Мама с папой спали в маленькой дальней комнате, мы с Колей в проходной, на разложенном на полу персидском ковре, бабушка в передней, на своем сундуке, и там же, на старом ватном одеяле, прижавшись друг к другу, спали кошка с собакой. Бабушке, в конце концов дожившей до 90 лет, тогда было еще 78, но она уже впадала в маразм. Эня Вольфовна не имела никакого образования, но на каком-то уровне владела четырьмя языками — русским, украинским, польским и идиш — и всегда что-то читала. Главным ее чтением были растрепанная еврейская книга, может быть, Тора, и прошлогодние номера газеты «Известия», которые она перечитывала как свежие.

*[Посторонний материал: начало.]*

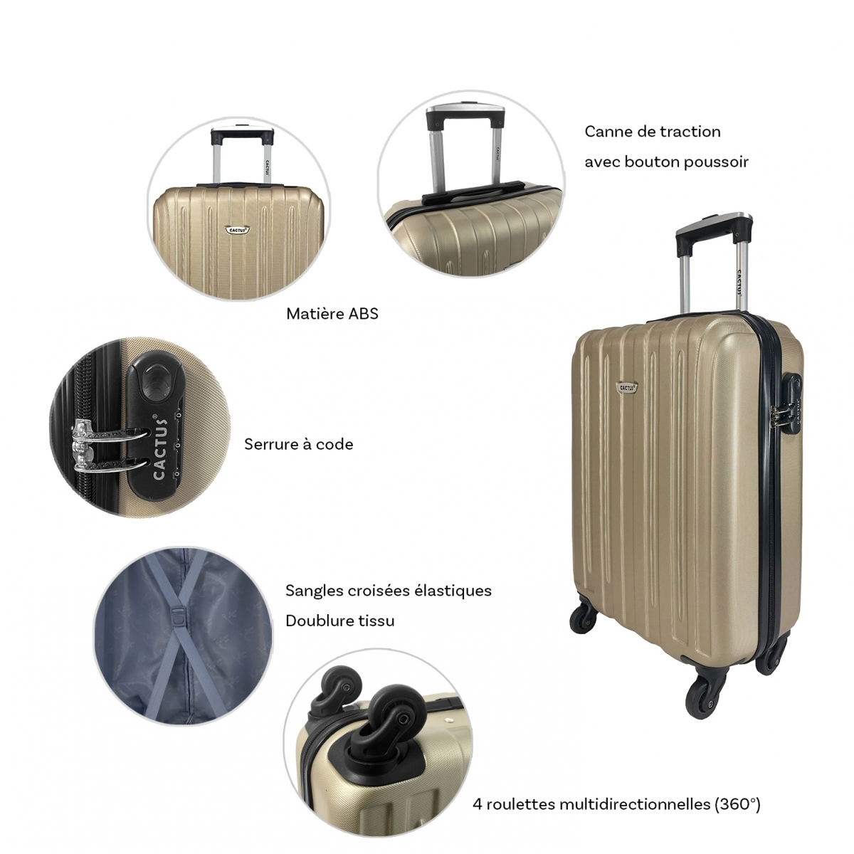 | Libellé | Valise cabine rigide Cactus ABS 55cm Abs |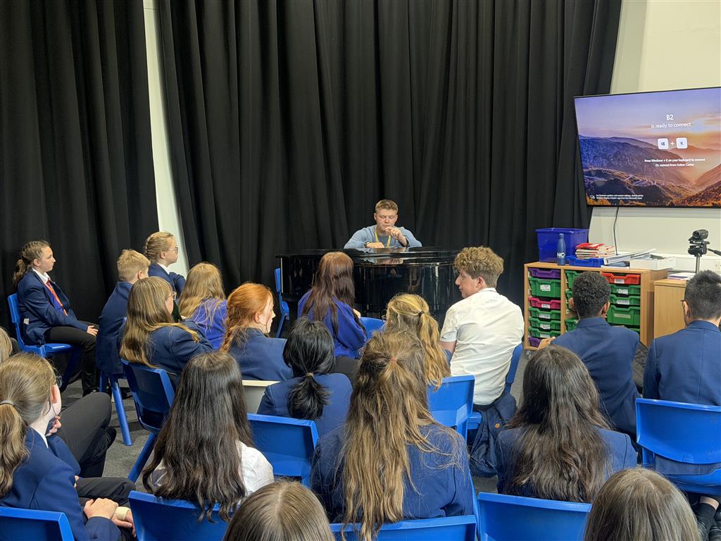 During his visit, Joel shared his personal journey and gave students a behind-the-scenes look at the songwriting process. He explored how songs are created from initial ideas through to finished pieces, as well as how artists can add their own unique style to existing music.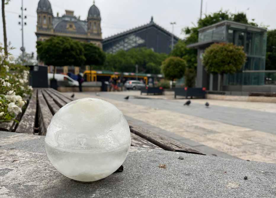 A kutatás során egyértelművé vált számomra, hogy a Duna és a városi szövet közötti elválasztottság strukturális, várostervezési okokra vezethető visszaEzek nagyléptékű problémák, amelyekre egyéni művészeti projektként nem tudok közvetlen megoldást kínálni- Éppen ezért nem a problémák kiemelésére, nem a hiány, vagy a hiba hangsúlyozására akartam építeni a munkám, hanem sokkal inkább a Duna pozitív potenciáljára- Olyan gesztust kerestem, amely kapcsolódást teremthet egy személyesebb, érzékenyebb irányból- Célom az volt, hogy valamilyen módon elérhetővé tegyem a Dunát, és a városba vigyem annak jelenlétét- Ehhez a víz médiumként való alkalmazása tűnt a legalkal masabbnak - A víz, amely alakot vált, hordoz, befogad és változik, metaforikus jelentéstartalmaival jól illeszkedett a gondolataimhoz- Végül a Duna vizét jéggé fagyasztva hoztam létre egy olyan tárgyi formát, amely egyszerű és sokrétűA jéggömbökbe kacsaköveket (part menti kavicsokat) helyeztem el, mint egyfajta személyes üzenetet vagy emlékeztetőt- Remélve, hogy ezek a kavicsok – mint gyerekkori emlékeket felidéző, ismerős tárgyak – érzelmi rezonanciát keltenek és arra ösztönzik a befogadókat, hogy lemenjenek a Duna partjára, időt töltsenek ott, és újra személyes kapcsolatba kerüljenek a folyóval- A jég metaforaként is szolgált, ahogy elzárja a követ, úgy zárja el a városlakót a Duna élményétől a város és a rakpart jelenlegi kialakítása- A gömbök így egyfajta hordozóként működtek, melyben benne van a folyó fizikai jelenléte és egy jelképes tartalom is-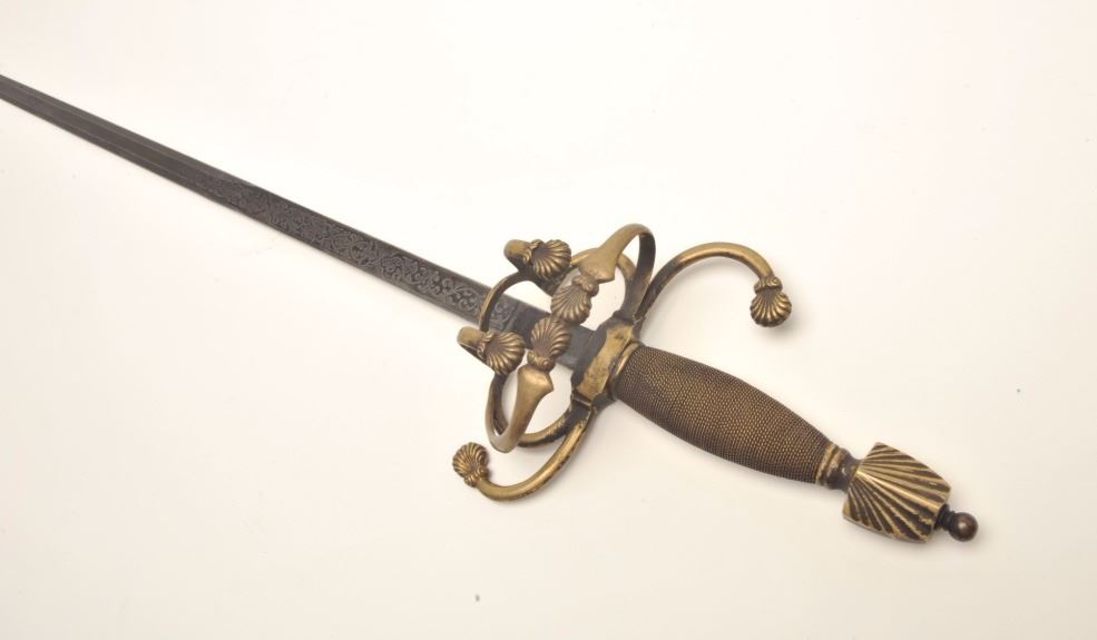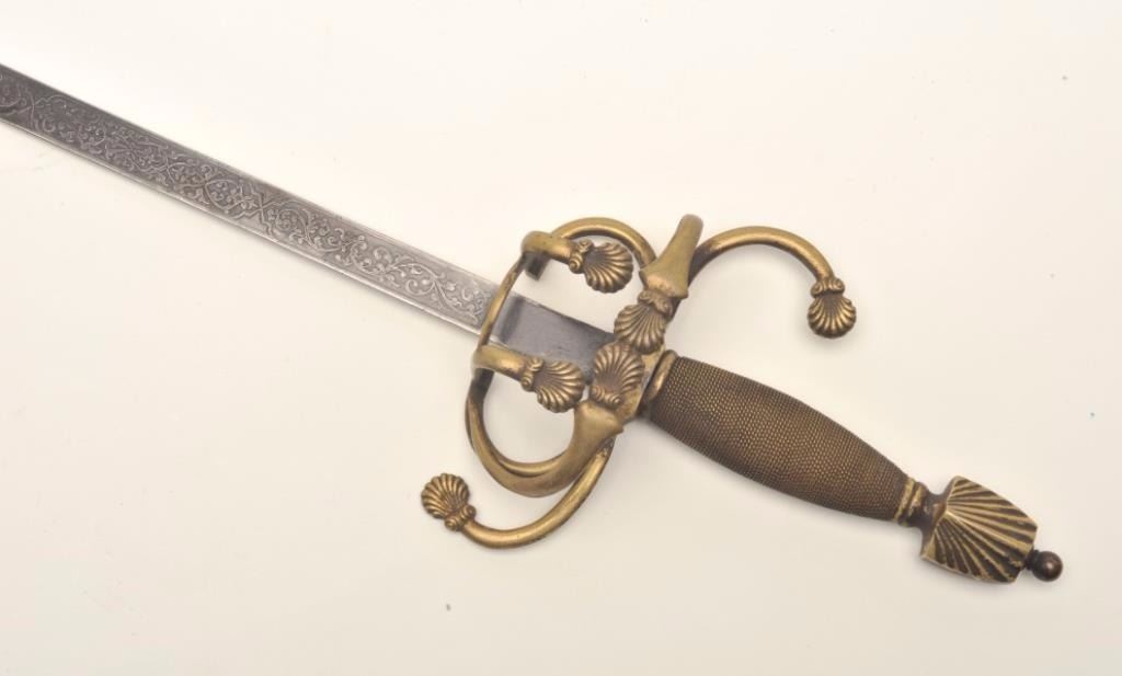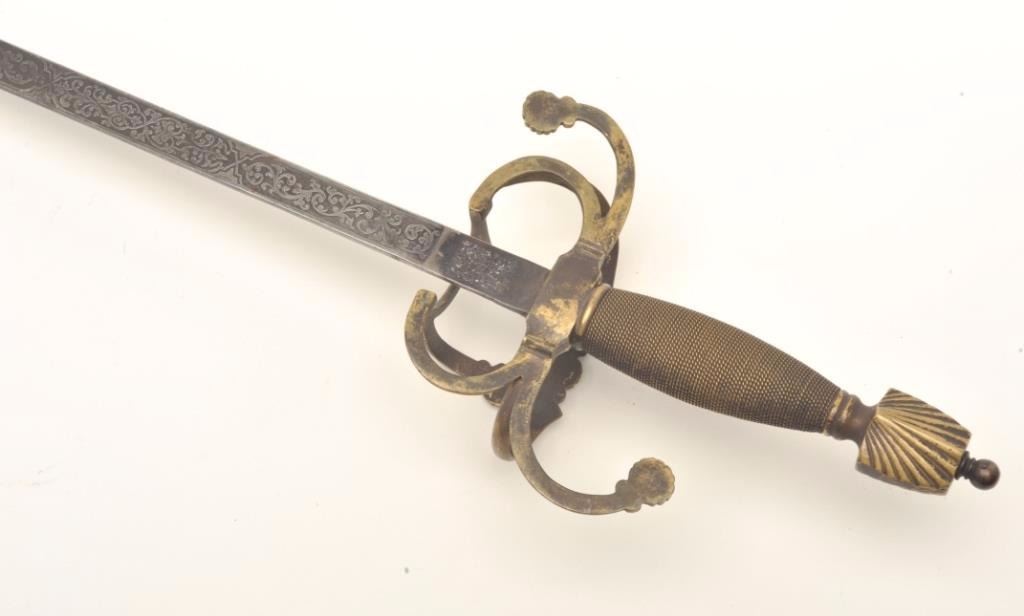 Lot 1448 Early 20th century rapier manufactured in the 17th century style. The sword has a 31” etched blad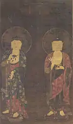 | Avalokitesvara and Ksitigarbha 観音地蔵像 Kannon Jizō zō | late Goryeo | Gujō | Ana-in (阿名院) | 90.2 centimetres (2 ft 11.5 in) by 45.0 centimetres (1 ft 5.7 in) | [12] | |||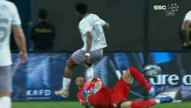طرد لاعب الطائي بعد تدخل قوي علي اوسبينا في الدوري السعودي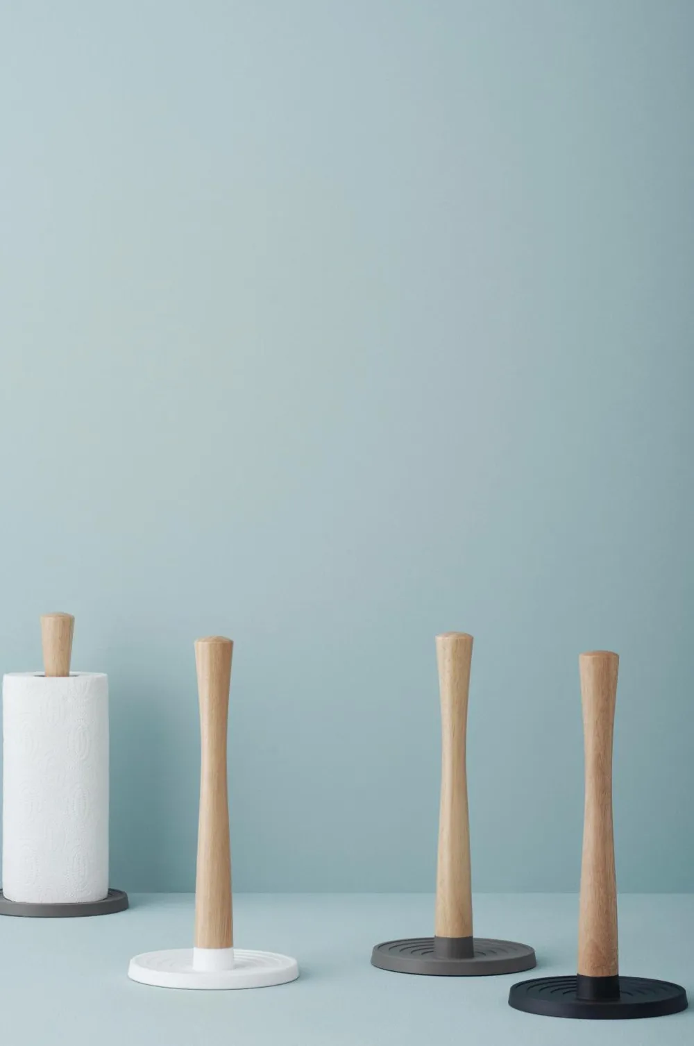 Køkkenrulleholder fra Rig-Tig i praktisk og stilrent design. Den står stabilt på bordet og takket være riller forneden så rulles papiret ikke ud.

Когда-то бабушка была хорошей кулинаркой, теперь мама ее до плиты не допускала, боясь, как бы не устроила пожар. Иногда бабушка пыталась убирать квартиру, но основных забот было у нее две. Первая — подтягивать гири настенных часов, и вторая — выносить мусор к машине, которая заезжала в наш двор около шести утра, и шофер извещал жильцов о своем прибытии звоном колокольчика. Гири бабушка, залезая на сундук и рискуя при этом жизнью, подтягивала по нескольку раз на день.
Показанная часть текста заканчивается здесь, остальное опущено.